*PROBLEM TO WORK ON*. Reproduce the line with "山田町の絵馬には「奉納 祝大漁 相模米神" and everything after it in the listing below, exactly, both ends included. No pictures.

*THE DATA*.
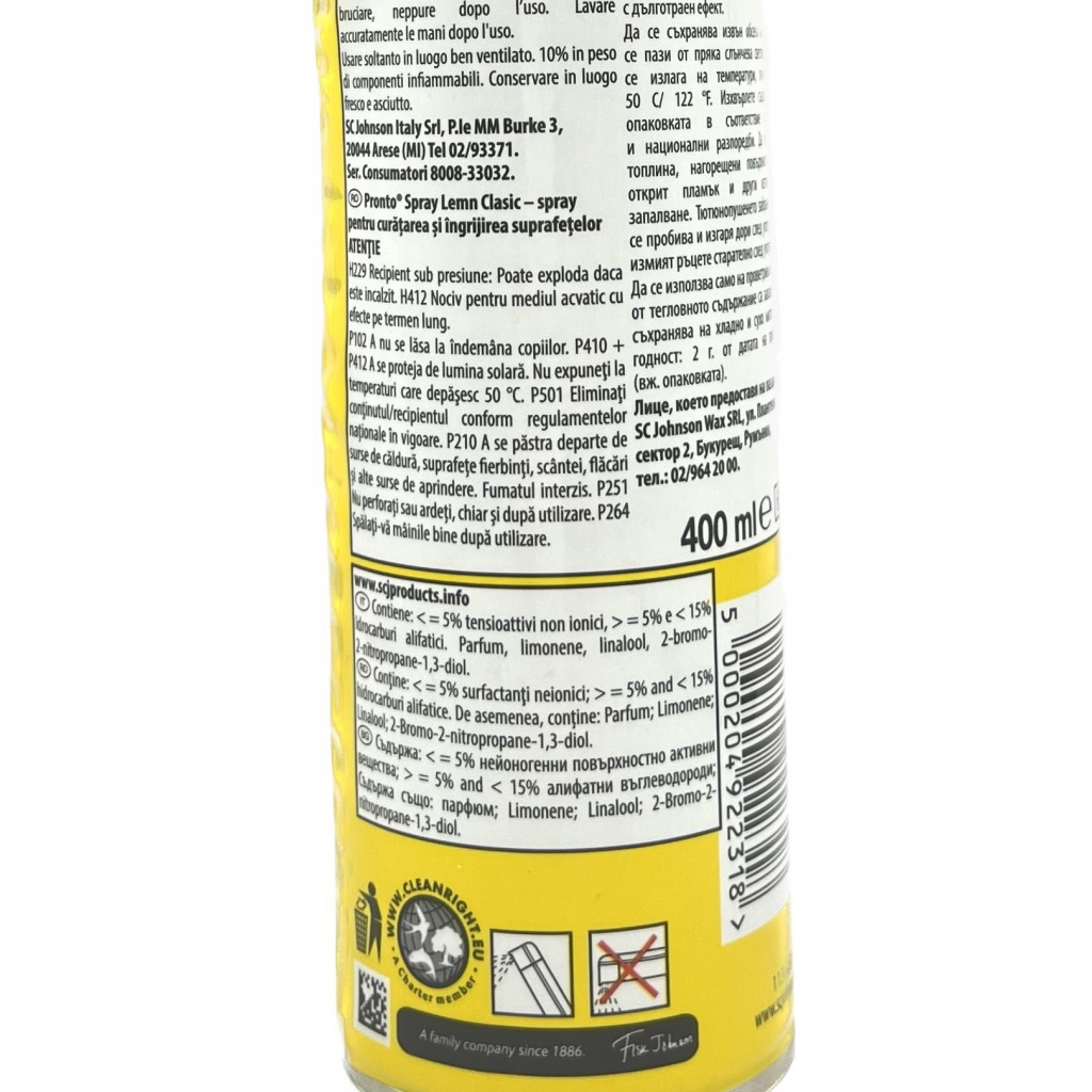 Estendi la ricerca a: multiuso - antipolvere (spray), pulizia e cura della casa, johnson&johnson, pronto, detergente, per, legno, mobili, spray, 400ml, classico
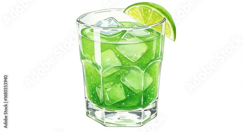 A vibrant, hand-drawn illustration of a refreshing green cocktail in a glass, complete with ice cubes and a lime wedge, showcasing a cool and cheerful mood.
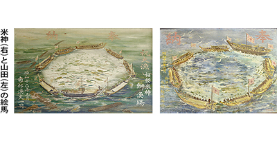 山田町の絵馬には「奉納 祝大漁 相模米神 鰤漁場 昭和十六年五月 南部漁夫一同」、米神の絵馬には「奉納 昭和十四年六月 相洋組合 米神鰤網漁場」と記されている。どちらの絵馬も大漁の魚を囲むように、旭日旗を掲げた船が輪になり、網を曳いている様が描かれている。
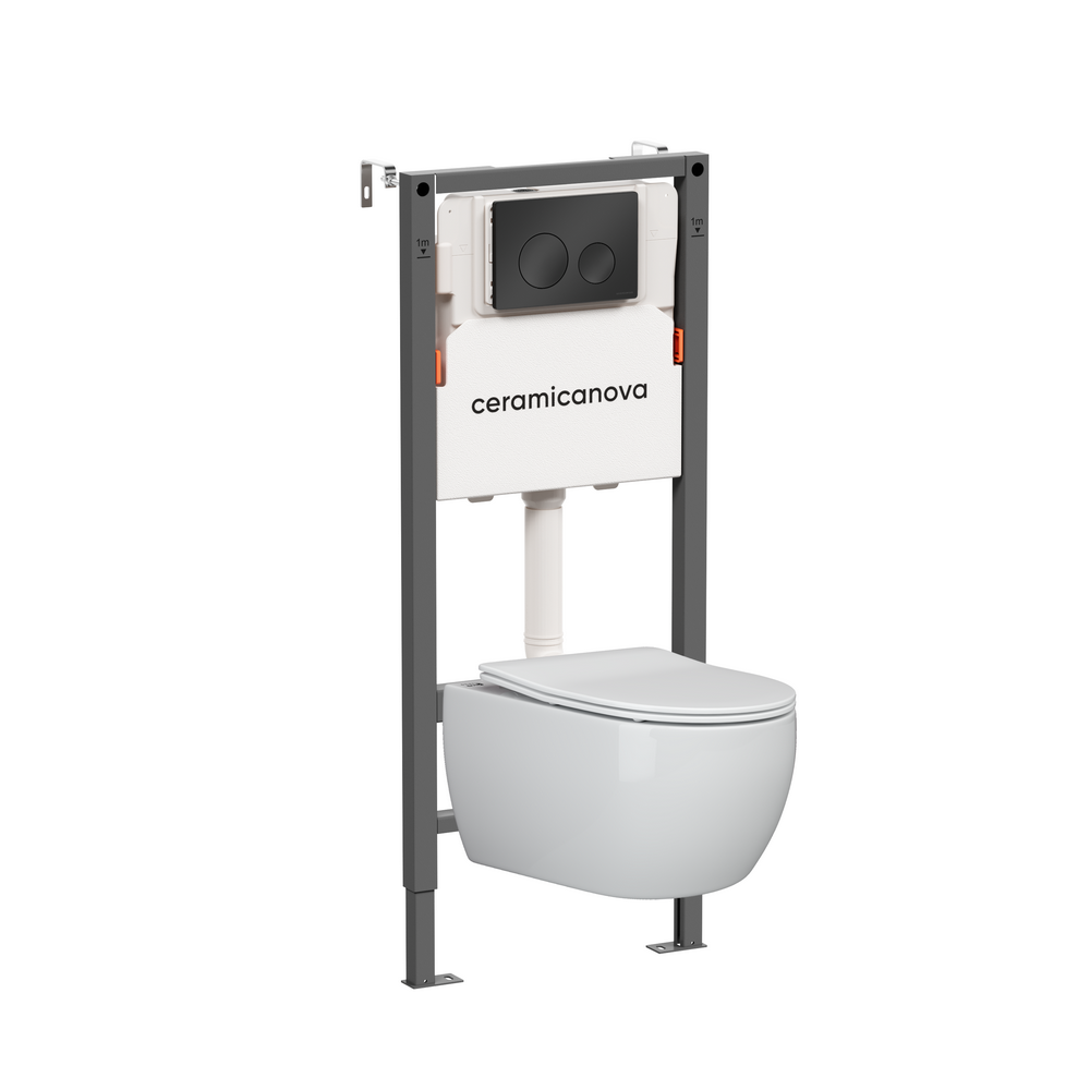 Комплект Подвесной унитаз Игра (Play) Безободковый (Rimless) + Система инсталляции Баланс (Balance) кнопка Круг (Circle), черный матовый

*EXERCISE ANSWER*.
 山田町の絵馬には「奉納 祝大漁 相模米神 鰤漁場 昭和十六年五月 南部漁夫一同」、米神の絵馬には「奉納 昭和十四年六月 相洋組合 米神鰤網漁場」と記されている。どちらの絵馬も大漁の魚を囲むように、旭日旗を掲げた船が輪になり、網を曳いている様が描かれている。
 Комплект Подвесной унитаз Игра (Play) Безободковый (Rimless) + Система инсталляции Баланс (Balance) кнопка Круг (Circle), черный матовый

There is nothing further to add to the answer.